We call that grinder hay. $25-$35/ton here. Rained on alfalfa (depends on how much rain) isn't all that bad, but loses digestbility pretty quick. How much bloom did the hay have dictates dollar value too.


----------



## carcajou (Jan 28, 2011)

pics would sure help


----------



## FarmerCline (Oct 12, 2011)

stack em up said:


> We call that grinder hay. $25-$35/ton here. Rained on alfalfa (depends on how much rain) isn't all that bad, but loses digestbility pretty quick. How much bloom did the hay have dictates dollar value too.


 Im guessing the grinder hay your talking about is like the unmanaged fescue hay I was talking about and not the rained on alfalfa? I'm not fully sure how much rain this alfalfa got.....we had a half inch at the house and one field got way more than that and the other appears to be less than that. The hay down inside the windrow didn't even get wet but by the time I got it all back dry there wasn't much of any color left. This is the first time I have had any amount of alfalfa get rained on......alfalfa bleaches out way worse than grass hay that was rained on. It was late bud into first bloom when I cut so it would have been some pretty good stuff.


----------



## FarmerCline (Oct 12, 2011)

carcajou said:


> pics would sure help


 Didn't take any before it was baled. I can take one of a bale but not sure how much you will be able to tell from that. Not much color left.


----------



## endrow (Dec 15, 2011)

We've been fairly lucky at dodging the rain but the second cutting is really dragging out two weeks ago I made some second cutting that was about 2/3 bloom and if that had had a shower or two I don't think it hurt it much. Just the week before I made some 2/3 Alfalfa 1/3 Orchard Grass horse hay and the alfalfa was in full bloom for at least a week before we cut it. And that he did not get a shower either and it's a good thing it didn't. If that type of hay would get one shower being that mature it would deteriorate very quickly it does not smell rank yet but it does lack that good smell. There are people looking for hay right now and I sold every stalk of second cutting so far that I bailed.


----------



## FarmerCline (Oct 12, 2011)

I pulled some hay out of one of the bales so I could get a picture of it. It actually looks better in the bale than it did in the windrow.

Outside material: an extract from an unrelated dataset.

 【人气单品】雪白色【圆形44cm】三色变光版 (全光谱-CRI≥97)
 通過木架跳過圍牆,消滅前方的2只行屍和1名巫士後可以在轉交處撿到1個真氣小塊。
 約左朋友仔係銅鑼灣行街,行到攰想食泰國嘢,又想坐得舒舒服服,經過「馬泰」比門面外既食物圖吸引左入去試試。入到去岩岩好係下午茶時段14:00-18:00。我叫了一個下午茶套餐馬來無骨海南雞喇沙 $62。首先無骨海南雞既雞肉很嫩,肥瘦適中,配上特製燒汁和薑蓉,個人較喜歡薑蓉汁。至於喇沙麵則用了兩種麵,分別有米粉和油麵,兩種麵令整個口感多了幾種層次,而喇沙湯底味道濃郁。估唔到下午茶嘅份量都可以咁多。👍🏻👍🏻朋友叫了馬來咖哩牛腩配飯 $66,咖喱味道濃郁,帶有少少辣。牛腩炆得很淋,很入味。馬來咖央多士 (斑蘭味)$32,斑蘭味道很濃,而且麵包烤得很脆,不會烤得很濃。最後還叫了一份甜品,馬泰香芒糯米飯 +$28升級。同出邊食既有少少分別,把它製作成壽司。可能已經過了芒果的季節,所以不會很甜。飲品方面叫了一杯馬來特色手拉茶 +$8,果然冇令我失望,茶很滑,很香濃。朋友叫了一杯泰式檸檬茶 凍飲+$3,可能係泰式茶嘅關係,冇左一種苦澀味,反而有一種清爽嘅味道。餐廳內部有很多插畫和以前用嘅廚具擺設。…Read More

I'm thinking it would be some pretty good cow hay but here is the kicker though.....the bales got 2.5 inches of rain on them last night and apparently alfalfa doesn't shed water at all unlike grass hay. The hay is soaked at least 6" or more down into the bale on the top and sides. The bales are heating as well where they have soaked up the rain.....the hay was dry when I baled it. I'm sure they are worth even less now.


----------



## 8350HiTech (Jul 26, 2013)

6"? Net wrap?


----------



## FarmerCline (Oct 12, 2011)

8350HiTech said:


> 6"? Net wrap?


 Yep, and they are net wrapped. I wouldn't have believed it if I had not seen it myself.....of course I'm accustomed to seeing round bales of grass which shed water pretty good and the first couple rains don't hurt too much. Wet alfalfa seems to be a way different animal than grass hay.


----------



## swmnhay (Jun 13, 2008)

FarmerCline said:


> Yep, and they are net wrapped. I wouldn't have believed it if I had not seen it myself.....of course I'm accustomed to seeing round bales of grass which shed water pretty good and the first couple rains don't hurt too much. Wet alfalfa seems to be a way different animal than grass hay.

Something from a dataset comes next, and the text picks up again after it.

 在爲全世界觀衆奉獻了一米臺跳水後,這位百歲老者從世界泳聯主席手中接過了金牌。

Thats one of the reasons I like at least a touch of orchard grass in my alfalfa,the bales shed rain much better.Baleing a little on the tougher side is better then to dry also,bales are more solid and packed better so they shed water better.Leaves shed water stems don't.


----------



## SVFHAY (Dec 5, 2008)

FarmerCline said:


> Yep, and they are net wrapped. I wouldn't have believed it if I had not seen it myself.....of course I'm accustomed to seeing round bales of grass which shed water pretty good and the first couple rains don't hurt too much. Wet alfalfa seems to be a way different animal than grass hay.


Last year I had 2nd cutting bundles rained on before they got moved out of the field, maybe 1/2 ". One bundle was the one that transitioned from pure alfalfa to mixed grass . The alfalfa was soaked top to bottom and molded before I got it all fed. The rest of bundle was only wet on top bale. Most of those bales dried out after a lot of hours of sunshine.


----------



## FarmerCline (Oct 12, 2011)

Good to know that I'm not going crazy when I said the bales were soaked 6" down. I guess every rain now they will just get wetter and wetter down through the bale? This wet alfalfa seems to be some nasty stuff.....slick and slimy where it is wet and the smell reminds me of ammonia. Bet I won't be able to sell theses rolls for anything.


----------



## 8350HiTech (Jul 26, 2013)

FarmerCline said:


> Good to know that I'm not going crazy when I said the bales were soaked 6" down. I guess every rain now they will just get wetter and wetter down through the bale? This wet alfalfa seems to be some nasty stuff.....slick and slimy where it is wet and the smell reminds me of ammonia. Bet I won't be able to sell theses rolls for anything.


Eventually they're going to get a crust that armors them more but the sooner you could move them the better.


----------



## Gearclash (Nov 25, 2010)

I've baled alfalfa that looked at least that bad. Wanna say the RFV was around 100, which isn't good at all, but it's not horrible either. We fed it to dairy calves and heifers and they ate it right up. Not sure what to say about the rain penetration in the bales. I've been round baling a little alfalfa (custom) for 8 years now, no one has ever complained that the bales got damaged from setting out side, which they all did for most of a year.


----------



## Beav (Feb 14, 2016)

letting round bales sit outside is increasing loss by 25% to 30% I make $10 to $15 more /bale then rounds stored outside.


----------



## FarmerCline (Oct 12, 2011)

Beav said:


> letting round bales sit outside is increasing loss by 25% to 30% I make $10 to $15 more /bale then rounds stored outside.


 Yeah, I know there will be a good bit of loss with round bales stored outside. I just wasn't expecting them to get wet that deep in the bale after just one rain......with grass hay it would take a while for them to get that much spoilage. The barn is almost full and I'm running out of room for good squares or I would have stacked them inside to start with.


----------



## Beav (Feb 14, 2016)

that is with all types of round bales in my area I have 3 or 4 hay tarps that I can put 60 or so round bales I use when the shed is full at $500 each they have paid for themselves 3 or 4 times. Inland hay tarps from Indiana makes all sizes good tie down system.


----------